Getting started with Nvidia Garak

Getting Started with Nvidia Garak

What Is Nvidia Garak?

Nvidia Garak (Generative AI Red-teaming and Assessment Kit) is an open-source LLM vulnerability scanner built by NVIDIA's AI Red Team.

Garak probes models for:

Prompt injection — overriding system instructions via user input
Jailbreaks — bypassing safety guardrails (DAN variants, etc.)
Data leakage — surfacing training data or confidential context
Toxicity generation — coaxing offensive or harmful output
Hallucination and misinformation — factually incorrect confident outputs
Encoding-based bypasses — Base64, quoted-printable, MIME tricks that slip past input filters
Malware generation — getting the model to write evasive code

It works against virtually any target: OpenAI, HuggingFace, Bedrock, Groq, NVIDIA NIMs, custom REST APIs — and crucially, local Ollama models.

Installation

There are other ways you can install Garak but the simplest is using virtual environment.

python -m venv garak-env

source garak-env/bin/activate

pip install --upgrade pip
pip install garak

Installing Nvidia Garak using pip

The installation make take a couple of minutes.

Architecture

Generator - Connects to the target LLM (Ollama, OpenAI, HuggingFace, REST, etc.)
Probe - Crafts attack payloads targeting a specific vulnerability class
Detector -Analyzes the LLM's response — did the attack land?
Harness - Orchestrates probe → generator → detector flow

How to run Nvidia Garak?

In the example below we run a dan probe on a model hosted on local Ollama instance. We are running quick targeted rerun of just the wild prompts:

source garak-env/bin/activate
garak --target_type ollama --target_name llama3.2:3b-clean --probes dan.DanInTheWild

Tip - make sure the model name matches with the models returned by ollama list command.
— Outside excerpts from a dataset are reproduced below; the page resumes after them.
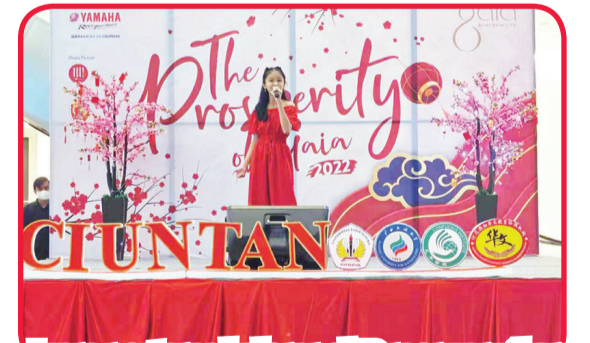
Juara pertama kelompok B menyanyikan lagu-lagu Tionghoa.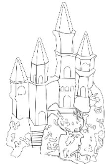
A Hókirálynő vára

5. kérdés: Miért kellett sürgősen az Óévnék a Zúzos csarnokba sietni?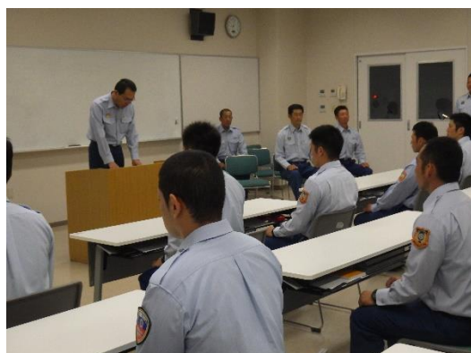
入 校 式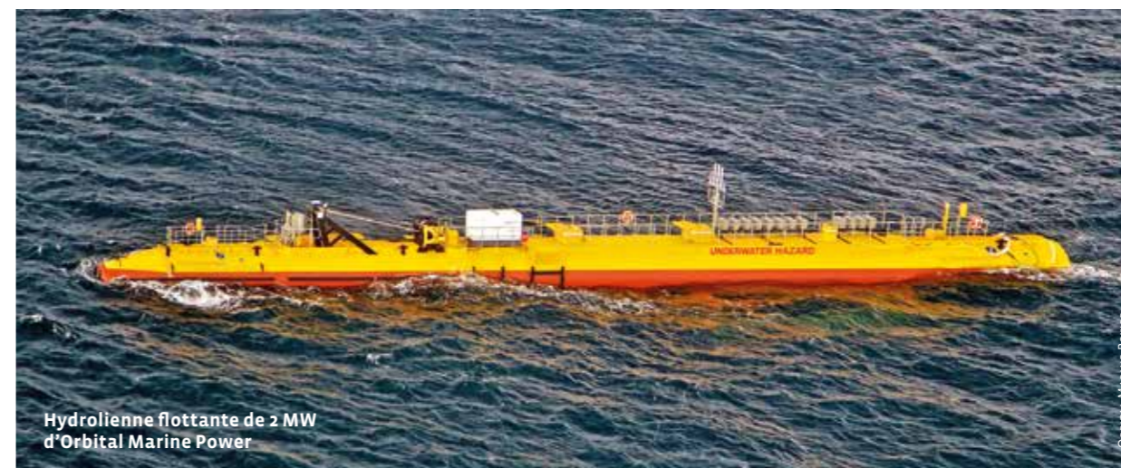
Hydrolienne flottante de 2 MW d'Orbital Marine Power

Si on excepte l'énergie marémotrice, très proche technologiquement des barrages hydroélectriques, les technologies éner-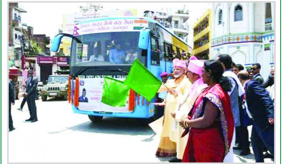
నేపాల్ : కర్ణాటక ఎన్నికల ప్రచారం ముగియగానే ప్రధానమంత్రి నరేంద్ర మోదీ పర్యటన నిమిత్తం నేపాల్ వెళ్లారు. రెండు రోజుల నేపాల్ పర్యటనలో ఆయన అక్కడి మూడు నేపాల్ ప్రధాని కేపీ శర్మ ఓలితో కలిసి మోదీ హిందూ తీర్థాలయాలను సందర్శించనున్నారు. జెండా ఊపి నేపాల్- తరువాయి 2లో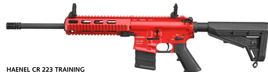
HAENEL CR 223 TRAINING HAENEL CR 223 TRAINING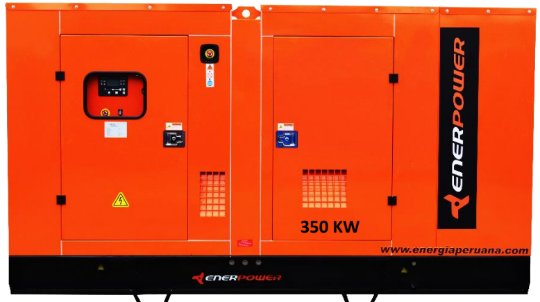
GRUPO ELECTRÓGENO ENCAPSULADO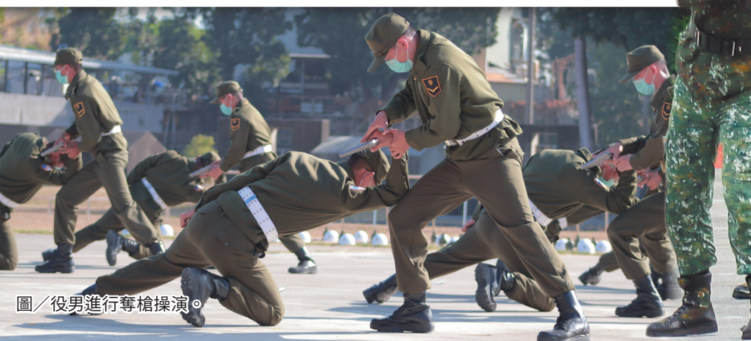
圖／役男進行奪槍操演。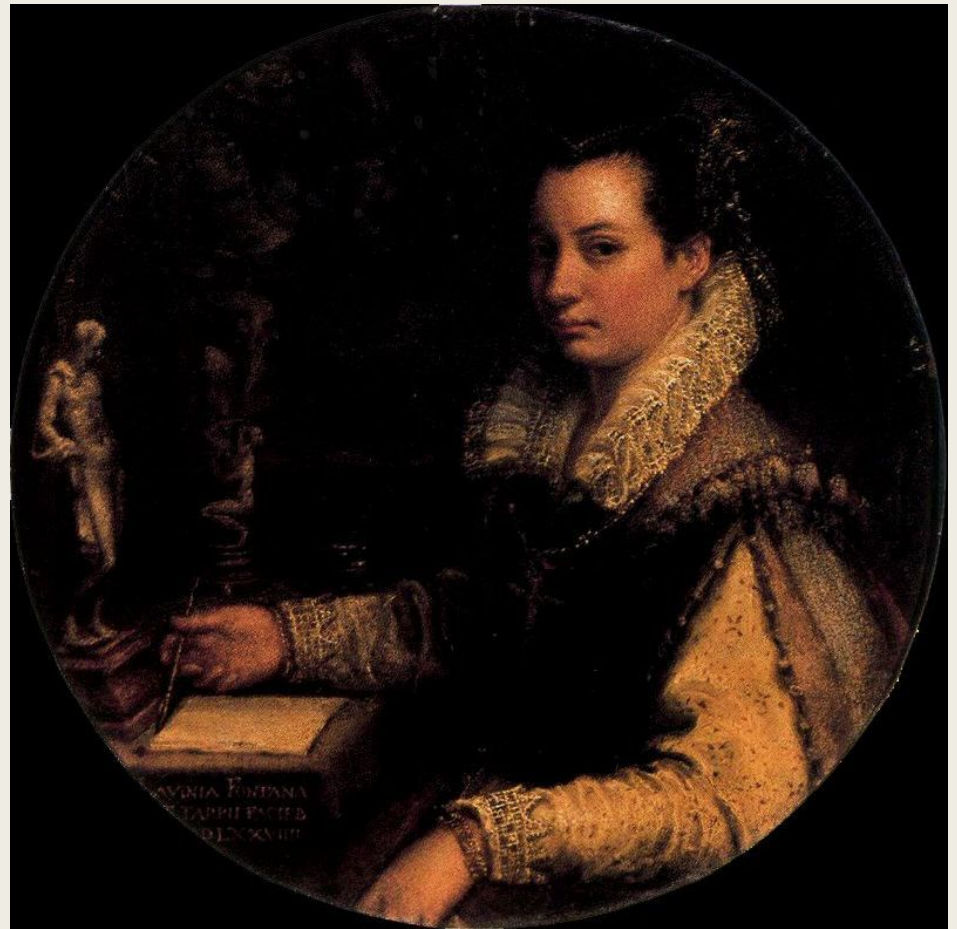
Autorretrato de Lavinia Fontana conservado en los Uffizi.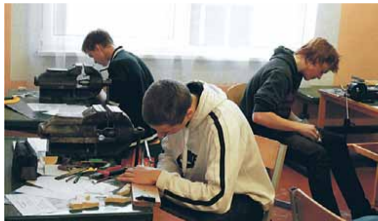
19. februārī mūsu skolā notika ikgadējā Pierīgas reģiona Mājturības un tehnoloģiju olimpiāde.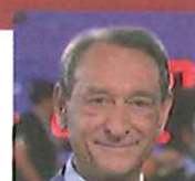
Bertrand Delanoë Maire de Paris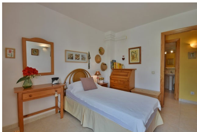
11 Second bedroom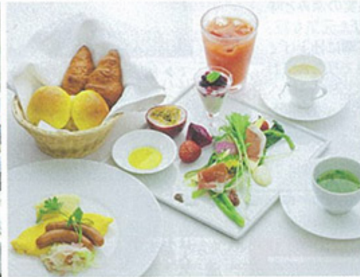
▲島野菜と南国の果実が中心の身体にやさしい朝食とお目覚めモーニングコーヒー。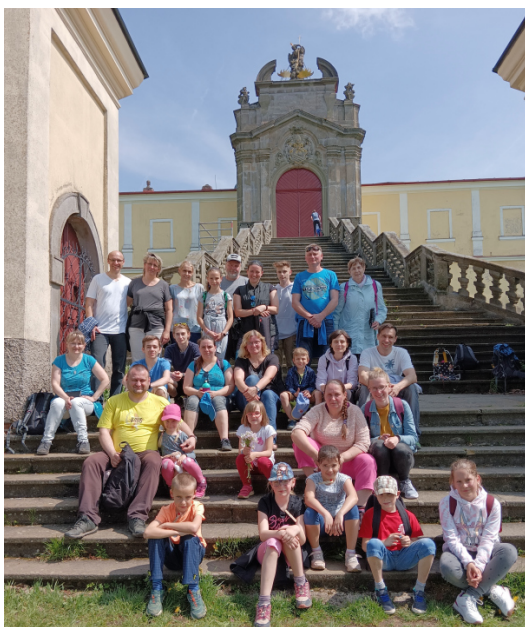
20. května - pouť na Horu Matky Boží u Králík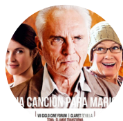
Cineforum "Una canción para Marion"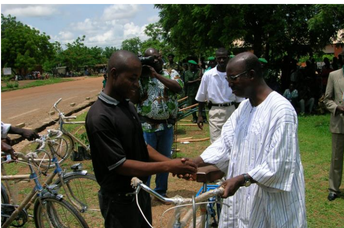
Remise officielle des vélos aux surveillants villageois par le Secrétaire Général du MECV lors du lancement officiel de la campagne de reforestation dans la région du Centre Sud, Juillet 2005

La surveillance du parc à travers la mise en place d'équipes de surveillants villageois (formation et l'équipement en vélos et matériels de terrain) en appui aux brigades forestières d'une part et l'appui en logistique (deux (2) motos YB100 et 8 vélos) à l'Unité de Protection et de Conservation (UPC) de Nobéré. Au total 3162 HJ de sorties de surveillants villageois avec les forestiers ont été réalisées.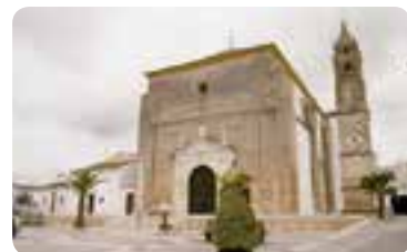
Iglesia parroquial de San Sebastián.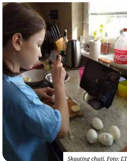
Skauting chutí.

oldskautov...) pravidelne prebiehajú online diskusie cez Skautský inštitút so zaujímavými hosťami na rôzne témy (napr. médiá, radikalizácia, občiansky aktivizmus či životné prostredie... ale aj o tom, ako s týmito témami ďalej pracovať v rámci osobného rozvoja, alebo pri činnosti s deťmi a mládežou). Aj vzdelávanie nových vodcov a radcov sa prenieslo do online sveta. Dve z našich vodkýň takto dokončili svoju Lesnú školu. Momentálne sa pripravujeme na letný tábor, ktorý sa, dúfam, bude môcť uskutočniť.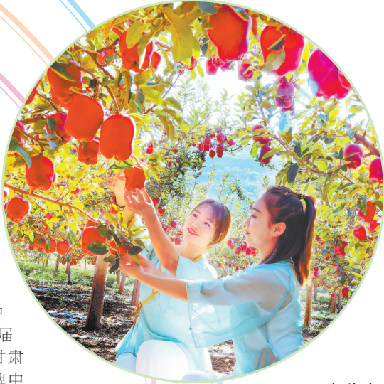
天水花牛苹果丰收。

十个品牌记不住,一个品牌能叫响。“甘味”构建起“省级公用品牌+市县区域品牌+企业商标品牌”三级融合、协同发展、互为支撑的品牌建设体系。通过政府、市场两手并用,省市县三级联动,政府、企业、行业协会共同发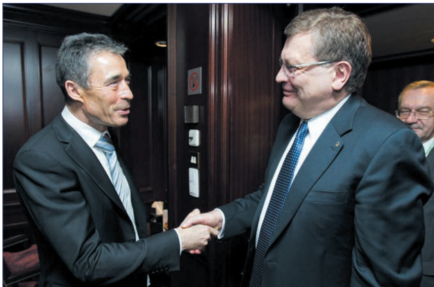
Зустріч Костянтина Грищенка з Генеральним секретарем НАТО Андерсом Фогом Расмуссеном. 26 березня 2012 р., Сеул Meeting of the Kostiantyn Gryshchenko with the Secretary General of NATO Anders Fogh Rasmussen. March 26, 2012, Seoul

Nvidia Garak running Dan probe for LLM vulnerability scanning

Where are the results?

The results are stored in /home/<username>/.local/share/garak/garak_runs for Linux users. You can customize this using a config file

Nvidia Garak Scan results

As you can see above, the overall scan scored below DC-3 on NVIDIA's Defense Capability scale.That's the garak security tier verdict — the overall scan scored below DC-3 on NVIDIA's Defense Capability scale.

Conclusion - Below DC-3 means the model failed to meet even the moderate baseline. Given the 90% DAN success rate we saw, that tracks — llama3.2:3b-clean with no system prompt is essentially unguarded.